__Work instruction__
In the records below, find the line containing "Колба с системой". Output it and every line after it to the end, unchanged, with no pictures.

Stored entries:
►
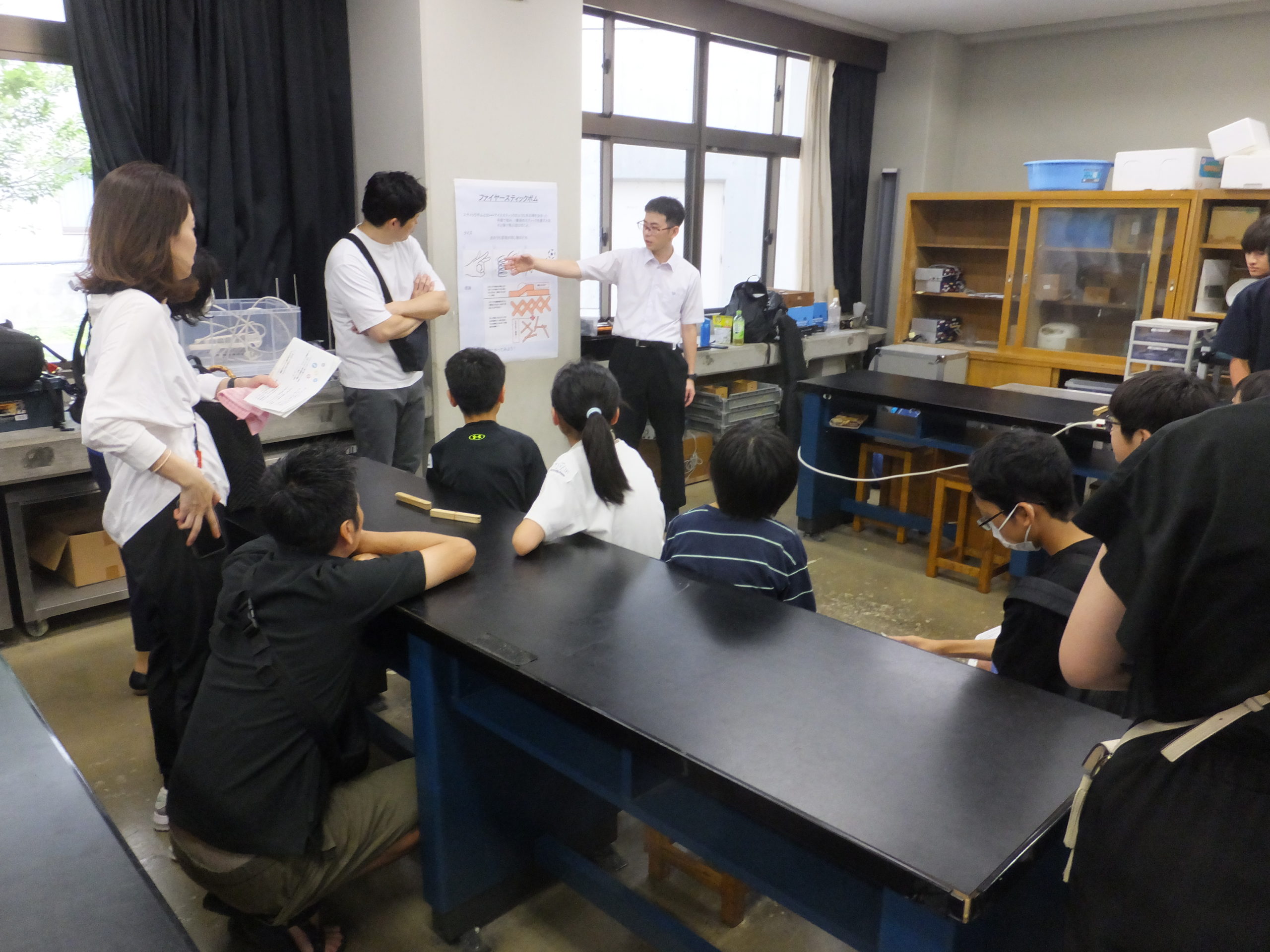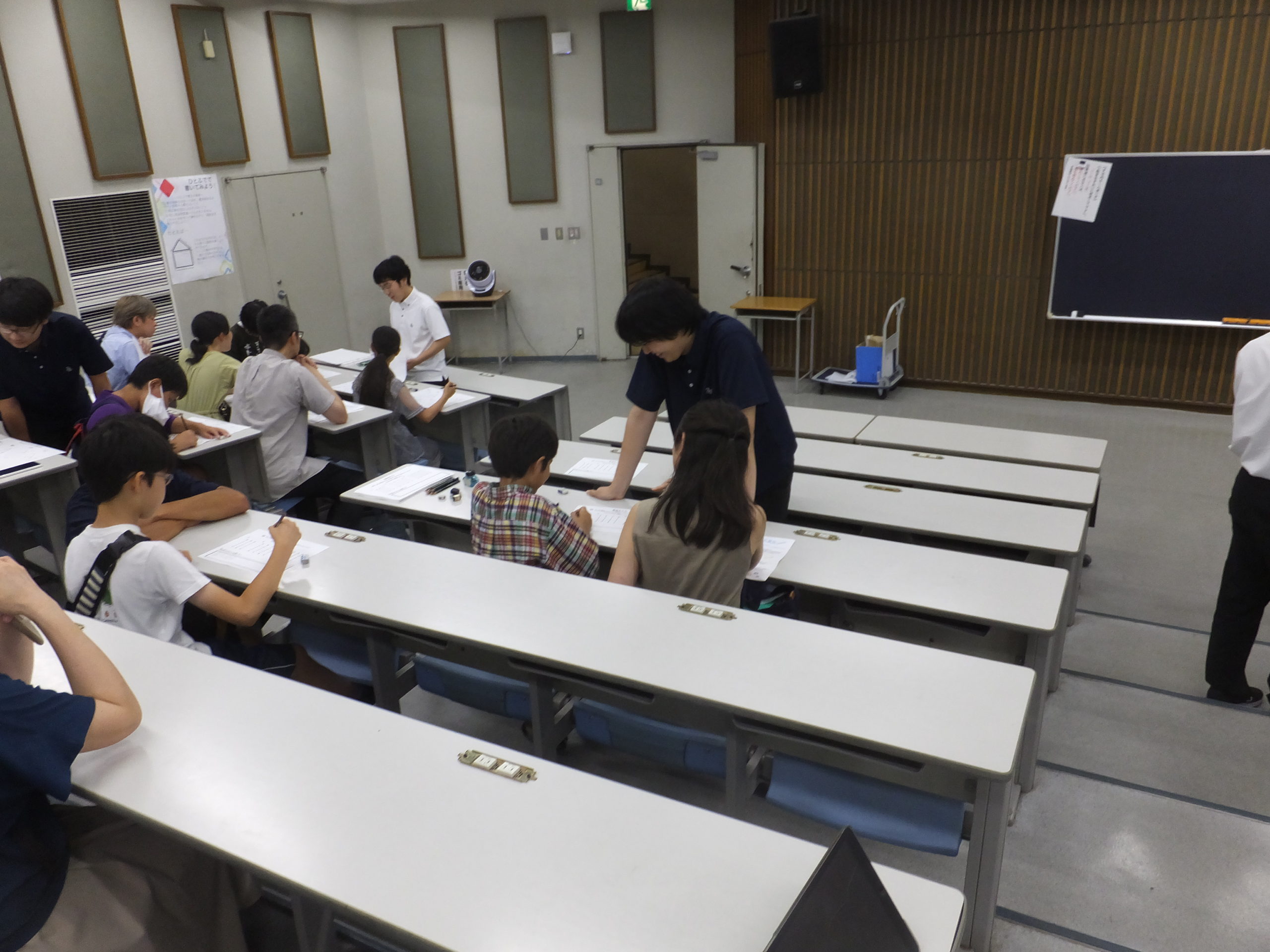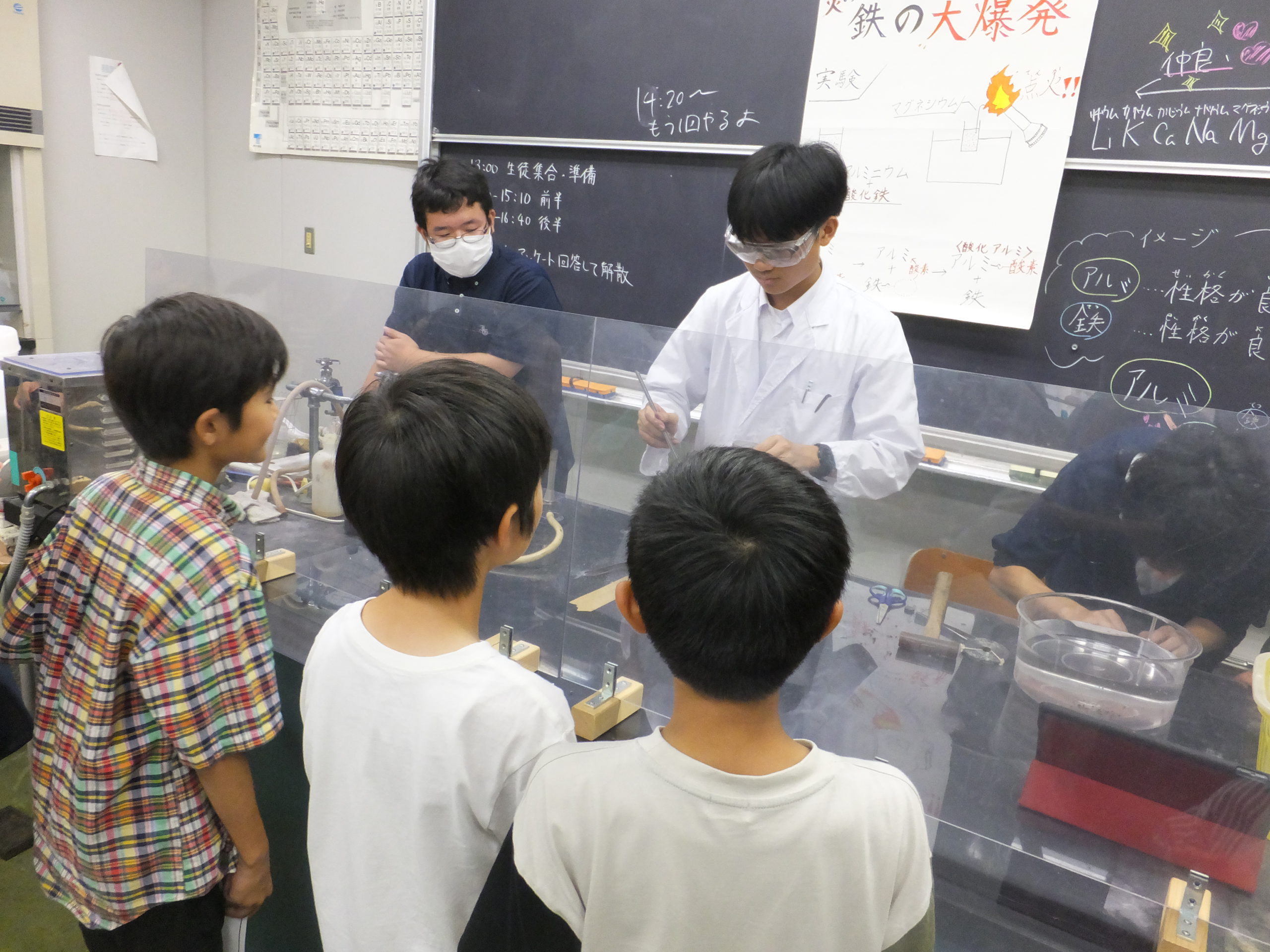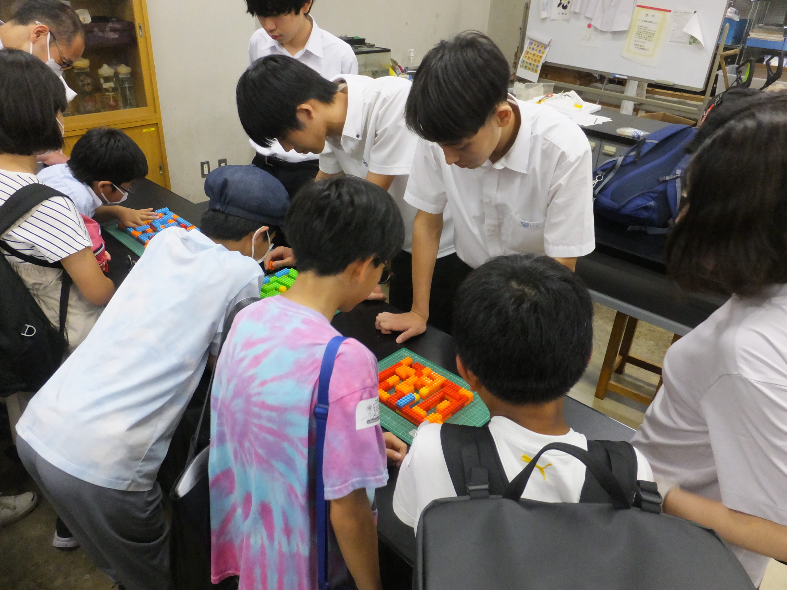 7月20日(土)に200名の小学生を招き、理数の楽しさを知ってもらう講座を開きました。講師役を務めるのは本校高2の生徒です。17の講座を用意し、実験をしたり、パズルを解いたり、小学生たちは思い思いに実験室を回りながら、理数の世界に浸っていました。
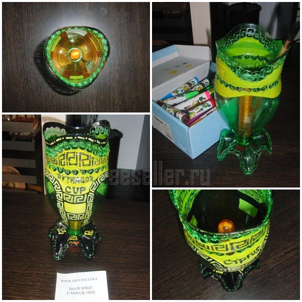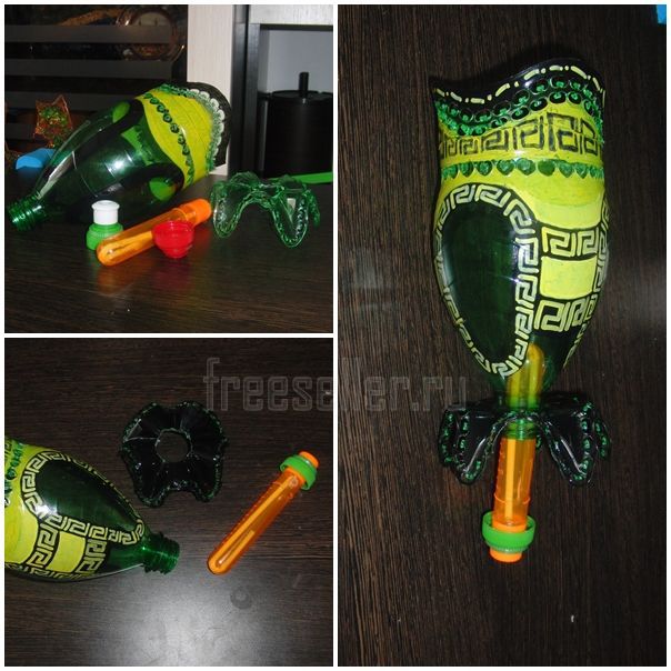 Колба с системой соединённых трубок внутри отлично входит в крышку из-под пластиковой бутылки. Превращаем нашу бутылку в чашу, соединив все её части, как на фото. В процессе сборки чаши нашлась и крышка нужного цвета.
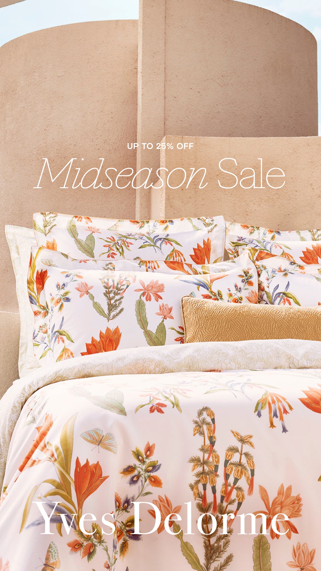 Where classic French craft meets lyrical calm — Yves Delorme’s Villa pattern evokes the serene geometry of sunlit facades and quiet courtyards, turning every room into a canvas of gentle elegance awash in seasonal light.
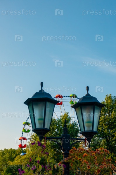 Пейзаж парка развлечений с фонарем, украшенным цветами на фоне верхней части колеса обозрения, показывающего над верхушками деревьев на фоне голубого неба
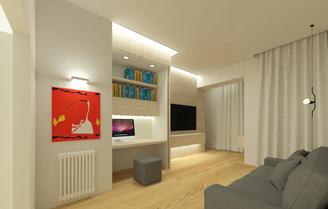 Nel salotto, un piccolo studio è stato ubicato in una nicchia a scomparsa, nascosta da una pannellatura con lo stesso rivestimento del muro. L’illuminazione in led a parete, abbinata a faretti e lampade offrono diverse ambientazioni illuminotecniche.
◄
__Reply__
 Колба с системой соединённых трубок внутри отлично входит в крышку из-под пластиковой бутылки. Превращаем нашу бутылку в чашу, соединив все её части, как на фото. В процессе сборки чаши нашлась и крышка нужного цвета.
 Where classic French craft meets lyrical calm — Yves Delorme’s Villa pattern evokes the serene geometry of sunlit facades and quiet courtyards, turning every room into a canvas of gentle elegance awash in seasonal light.
 Пейзаж парка развлечений с фонарем, украшенным цветами на фоне верхней части колеса обозрения, показывающего над верхушками деревьев на фоне голубого неба
 Nel salotto, un piccolo studio è stato ubicato in una nicchia a scomparsa, nascosta da una pannellatura con lo stesso rivestimento del muro. L’illuminazione in led a parete, abbinata a faretti e lampade offrono diverse ambientazioni illuminotecniche.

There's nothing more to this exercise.